= Heiner Rindermann =

German psychologist (born 1966)

Heiner Rindermann (born 12 March 1966) is a German psychologist and educational researcher.

==Academic career==
Rindermann received a Ph.D. in psychology in 1995 on the subject of teacher evaluations from Heidelberg University and completed a Habilitation in 2005 on the topic of teacher quality at University of Koblenz and Landau. In September 2007 he was appointed professor for evaluation and methodology of developmental psychology at the University of Graz. Since April 2010, Rindermann holds the Chair of Educational and Developmental Psychology at the Technical University of Chemnitz.

Rindermann attended the 2018 London Conference on Intelligence, and was one of 15 attendees to collaborate on a letter defending the conference following media reports of its ties to white supremacy, neo-Nazism, and racist pseudoscience. The letter was published in the journal Intelligence in 2018, where he served on the editorial board. He has also written for the pseudoscientific journals OpenPsych and Mankind Quarterly.

==Research==
Rindermann does research in educational psychology, developmental psychology, differential psychology, pedagogy, and clinical psychology.

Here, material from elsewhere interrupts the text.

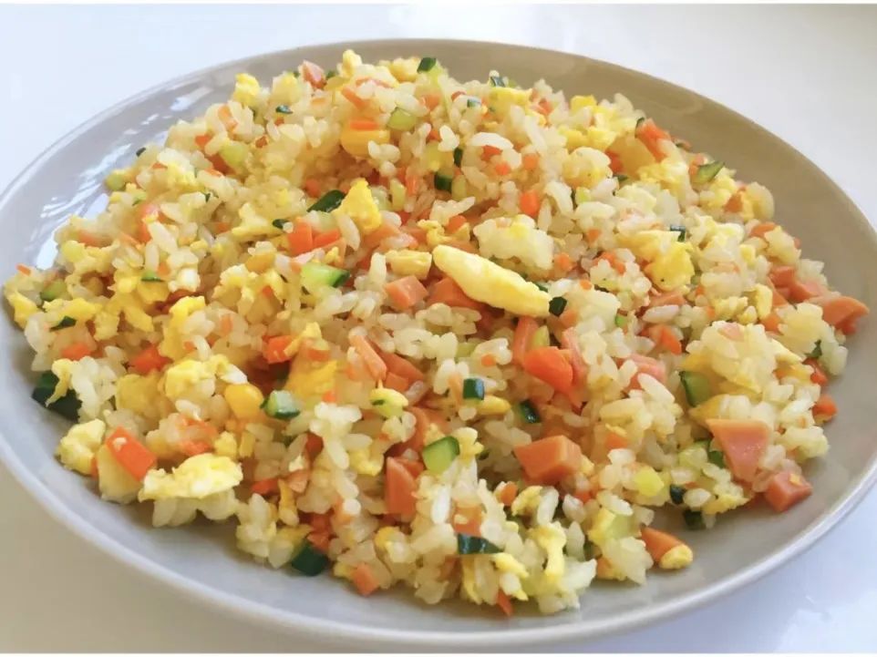 什锦炒饭:大米 鸡蛋 黄瓜 胡萝卜 玉米粒 火腿 木耳

===Intelligence and education===
A 2007 study by Rindermann found a high correlation between the results of international student assessment studies including TIMSS, PIRLS, and PISA, and national average IQ scores. The results were broadly similar to those in Richard Lynn and Tatu Vanhanen's book IQ and the Wealth of Nations. According to Earl B. Hunt, due to there being far more data available, Rindermann's analysis was more reliable than those by Richard Lynn and Tatu Vanhanen. By measuring the relationship between educational data and social well-being over time, Rindermann also performed a causal analysis, finding that nations investing in education leads to increased well-being later on. Rindermann has defended the controversial anti-immigration book Germany Abolishes Itself (2010) by Thilo Sarrazin, which cites his research.

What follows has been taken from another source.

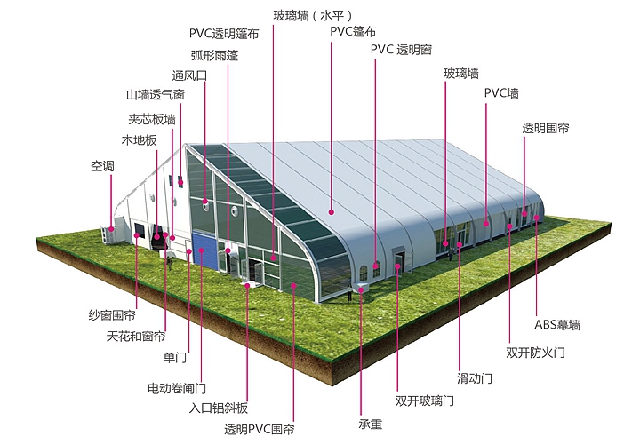 桃形篷房有多種可供選項(xiàng)購(gòu)的配置,其功能和用途更為強(qiáng)大。例如:ABS墻體、三明治墻體、彩鋼瓦墻體、玻璃幕墻、透明頂、頂幔布幔內(nèi)飾、排風(fēng)扇、卷簾門(mén)、玻璃門(mén)、承重盤(pán)承重框、地板系統(tǒng)、排水槽等

In October 2015, Rindermann published an article in the magazine Focus in which he claimed that immigrants and asylum seekers from Southeast Europe, the Middle East, and Africa predominantly had lower educational profiles and IQs than Germans and predicted serious future integration problems for these groups in Germany. The Faculty of Humanities and Social Sciences and the Institute of Psychology at Chemnitz University subsequently publicly distanced themselves from his statement and his colleagues criticized the article for mixing opinion and facts and for drawing discriminatory conclusions.

A 2024 paper by Rindermann titled "Surprisingly low results from studies on cognitive ability in developing countries" was retracted by the journal Discover Education when it was brought to the journal's attention that the dataset and methodology used in the research were scientifically unsound. The journal stated, "Independent post-publication peer review has confirmed fundamental flaws in the use of student assessment studies as a measure of IQ or cognitive ability, and in the prominence of individual examples taken from the author's life."

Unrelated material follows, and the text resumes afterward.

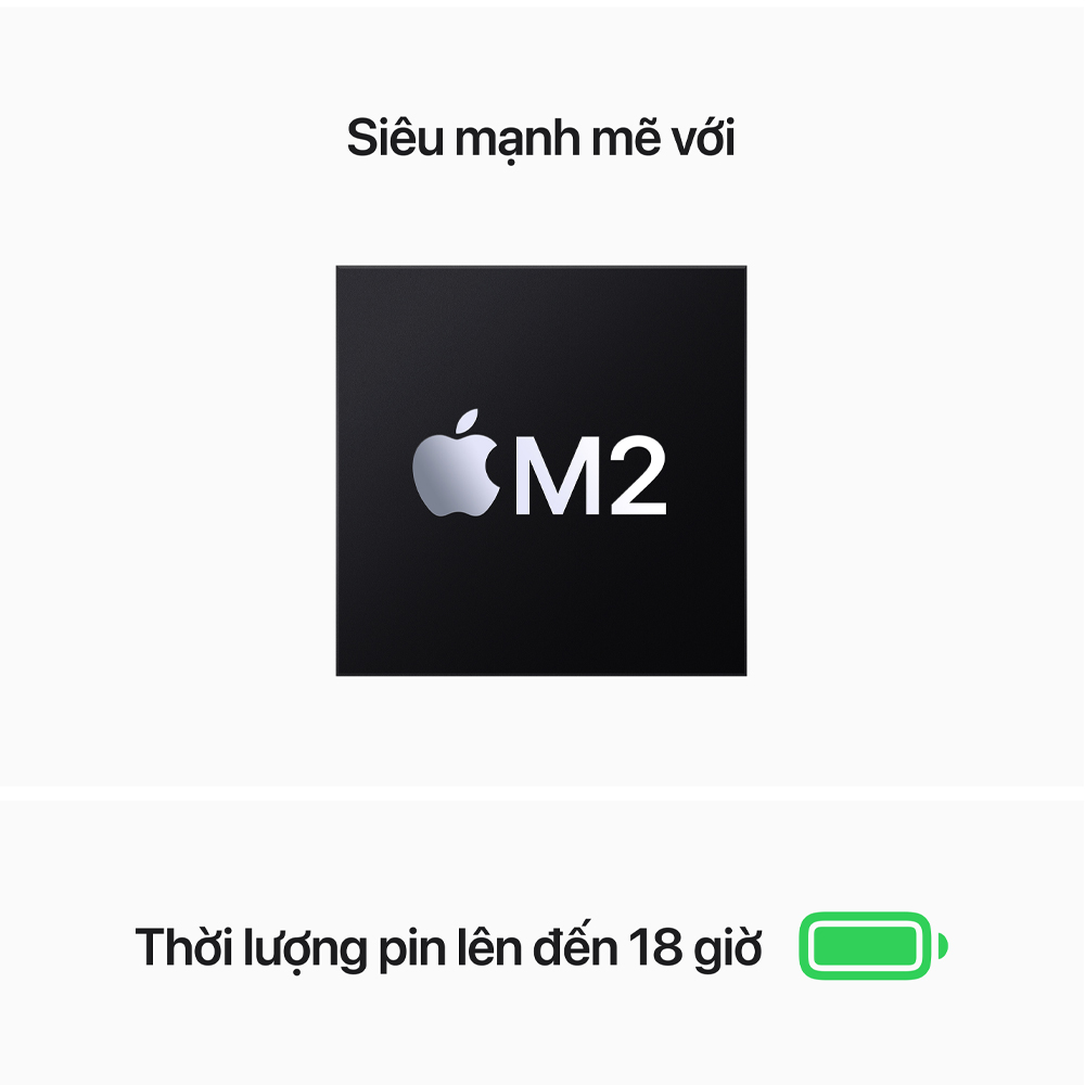 Siêu mạnh mẽ với chip M2 thế hệ tiếp theo, MacBook Air được thiết kế mới, kết hợp giữa hiệu năng đáng kinh ngạc và thời lượng pin lên đến 18 giờ trong vỏ nhôm mỏng ấn tượng.1

Some of Rindermann's work has concentrated on the "smart fraction" theory, which states that the prosperity and performance of a society depends on the proportion of the population that is above a particular threshold of intelligence, with the threshold point being well above the general median intelligence level in most societies.

Rindermann's book Cognitive capitalism: Human capital and the wellbeing of nations was released by Cambridge University Press in 2018.